Urbach–Wiethe (or lipoid proteinosis) disease (UWD) is a rare autosomal recessive disorder characterized by dermatological, psychiatric, and neurological symptoms. Presentation occurs during childhood, but can be observed from birth. While benign, the disease is progressive and chronic with no known cure. Treatment modalities are palliative for symptoms. The extant literature consists mainly of anecdotal reports and case studies that are limited by small sample sizes and paucity of controlled studies. Incidence and prevalence rates are unknown. There are less than 500 documented cases reported worldwide, and of those, less than 50 cases demonstrate neurological and neuropsychiatric conditions. Worldwide occurrence of the disease is documented, with the largest cohort living in a remote area of South Africa. The affected individuals are mainly Caucasian, born to consanguineous parents, and from Dutch or German heritage. Patients affected have been reported in China, Pakistan and Iran.
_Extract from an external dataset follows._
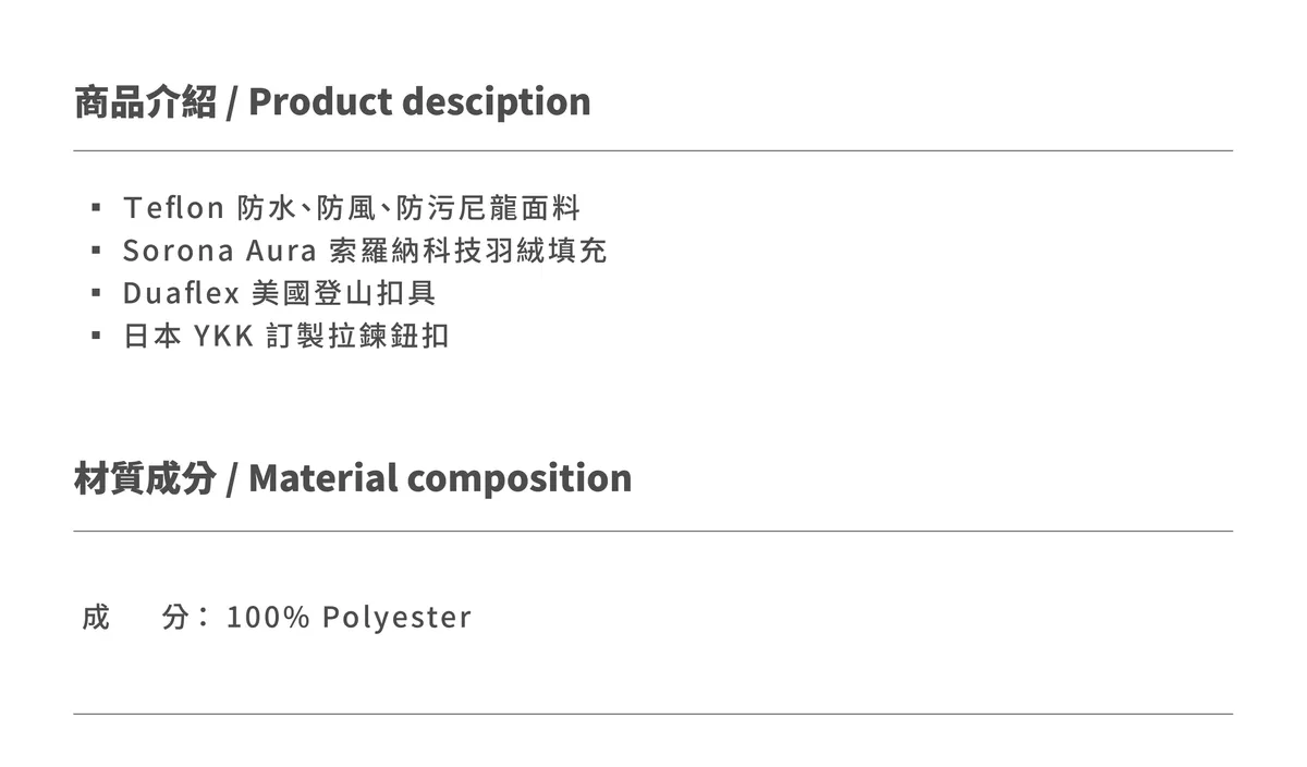 SORONA AURA Down Vest 防水機能 羽絨禦寒背心

Current and earlier studies focus primarily on the most visible signs of disease, dystonia and dermatological symptoms, while other studies have reported calcification in the amygdala, hippocampus, parahippocampal gyrus, and the striatum. While central nervous system involvement can lead to a wide range of clinical manifestations such as epilepsy and neuropsychiatric symptoms, there is not a consensus of reported cases with amygdala calcifications accompanied by neurological symptoms. Quantitative research is warranted to further identify the role and relationship between amygdala calcification and neurologic and neuropsychiatric symptoms, while qualitative research will afford insights into the lived experience of individuals and families living with UWD.